▸ SUPPLIED MATERIAL:

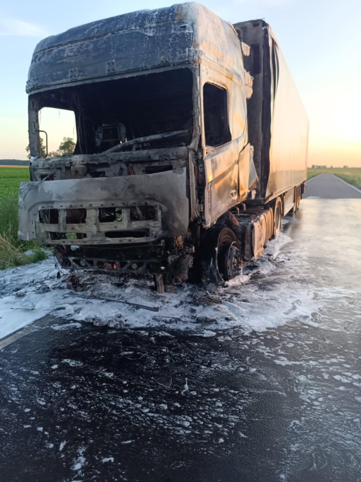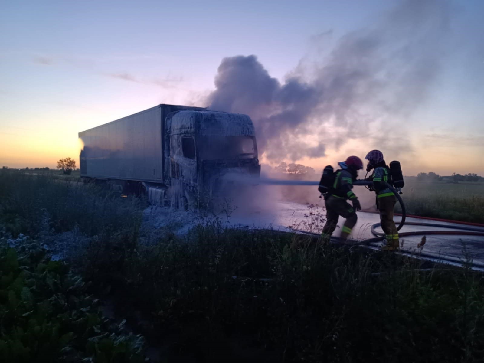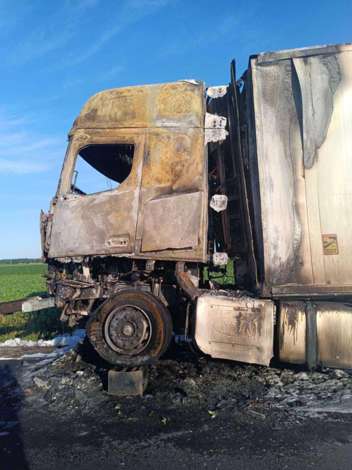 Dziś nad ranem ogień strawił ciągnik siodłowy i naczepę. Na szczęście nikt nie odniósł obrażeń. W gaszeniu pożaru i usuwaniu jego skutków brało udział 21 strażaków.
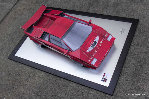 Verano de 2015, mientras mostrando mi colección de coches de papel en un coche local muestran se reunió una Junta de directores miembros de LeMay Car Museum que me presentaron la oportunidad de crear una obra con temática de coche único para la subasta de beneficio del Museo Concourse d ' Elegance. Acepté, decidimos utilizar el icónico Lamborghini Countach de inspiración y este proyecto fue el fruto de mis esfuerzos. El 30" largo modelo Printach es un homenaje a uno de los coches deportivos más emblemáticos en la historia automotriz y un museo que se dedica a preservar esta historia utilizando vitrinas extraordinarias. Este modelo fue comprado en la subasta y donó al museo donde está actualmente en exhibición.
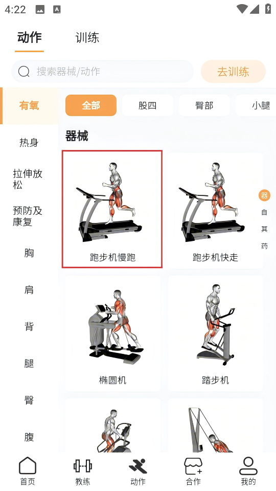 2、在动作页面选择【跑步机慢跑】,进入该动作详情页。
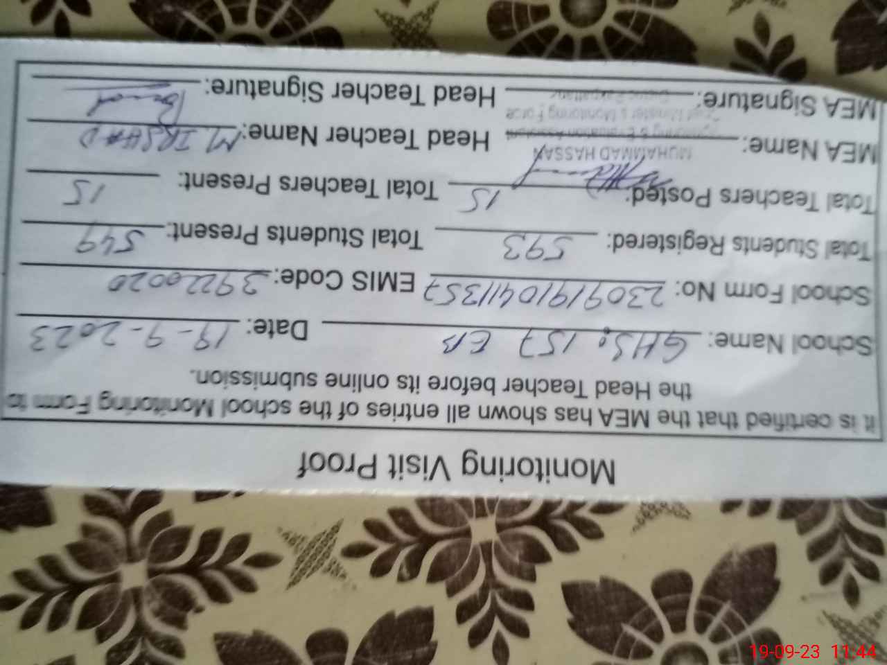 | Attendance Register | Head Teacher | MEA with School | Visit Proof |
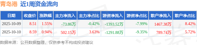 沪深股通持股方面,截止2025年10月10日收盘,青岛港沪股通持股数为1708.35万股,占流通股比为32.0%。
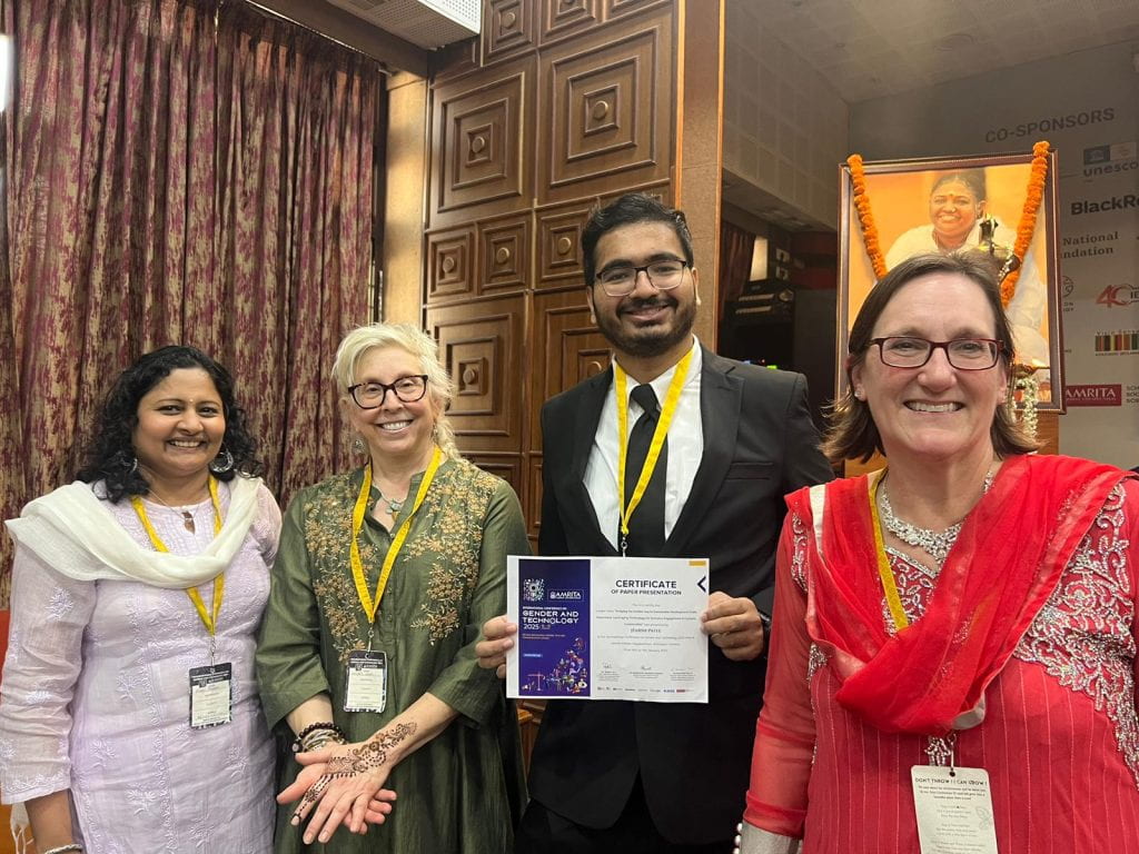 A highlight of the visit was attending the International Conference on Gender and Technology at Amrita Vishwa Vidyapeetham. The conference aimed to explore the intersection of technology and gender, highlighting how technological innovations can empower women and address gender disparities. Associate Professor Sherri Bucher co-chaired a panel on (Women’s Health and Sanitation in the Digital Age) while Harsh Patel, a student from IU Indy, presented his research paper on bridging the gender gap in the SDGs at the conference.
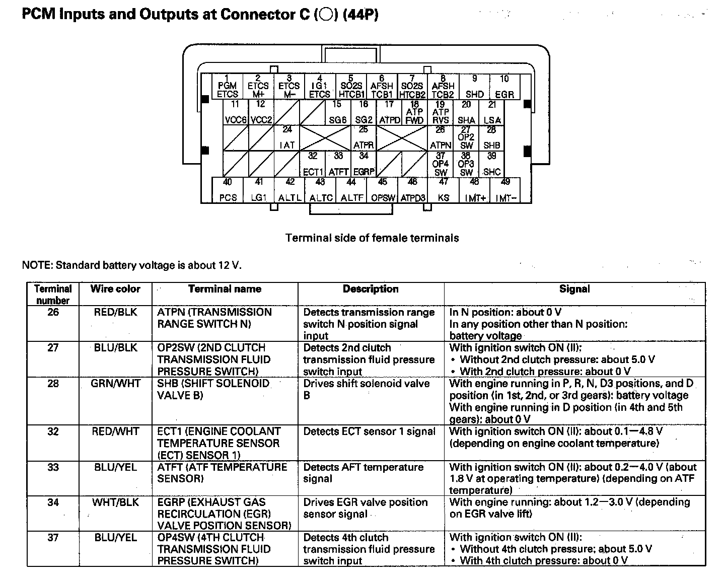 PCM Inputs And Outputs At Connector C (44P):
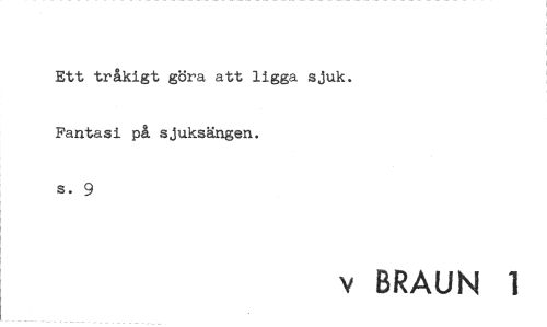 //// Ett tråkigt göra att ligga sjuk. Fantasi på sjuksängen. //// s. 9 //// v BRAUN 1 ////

--

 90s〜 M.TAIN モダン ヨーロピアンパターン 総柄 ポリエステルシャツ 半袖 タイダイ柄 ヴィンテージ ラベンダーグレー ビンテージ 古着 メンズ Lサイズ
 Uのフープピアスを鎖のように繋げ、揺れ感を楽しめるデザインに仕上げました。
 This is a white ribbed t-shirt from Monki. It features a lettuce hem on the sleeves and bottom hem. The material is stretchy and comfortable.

▸ EXERCISE REQUIREMENTS: Repeat, without pictures, exactly the lines of the data above from the one containing "沪深股通持股方面,截止202" through the one containing "PCM Inputs And", including both and adding nothing.

▸ TASK OUTPUT:
 沪深股通持股方面,截止2025年10月10日收盘,青岛港沪股通持股数为1708.35万股,占流通股比为32.0%。
 A highlight of the visit was attending the International Conference on Gender and Technology at Amrita Vishwa Vidyapeetham. The conference aimed to explore the intersection of technology and gender, highlighting how technological innovations can empower women and address gender disparities. Associate Professor Sherri Bucher co-chaired a panel on (Women’s Health and Sanitation in the Digital Age) while Harsh Patel, a student from IU Indy, presented his research paper on bridging the gender gap in the SDGs at the conference.
 PCM Inputs And Outputs At Connector C (44P):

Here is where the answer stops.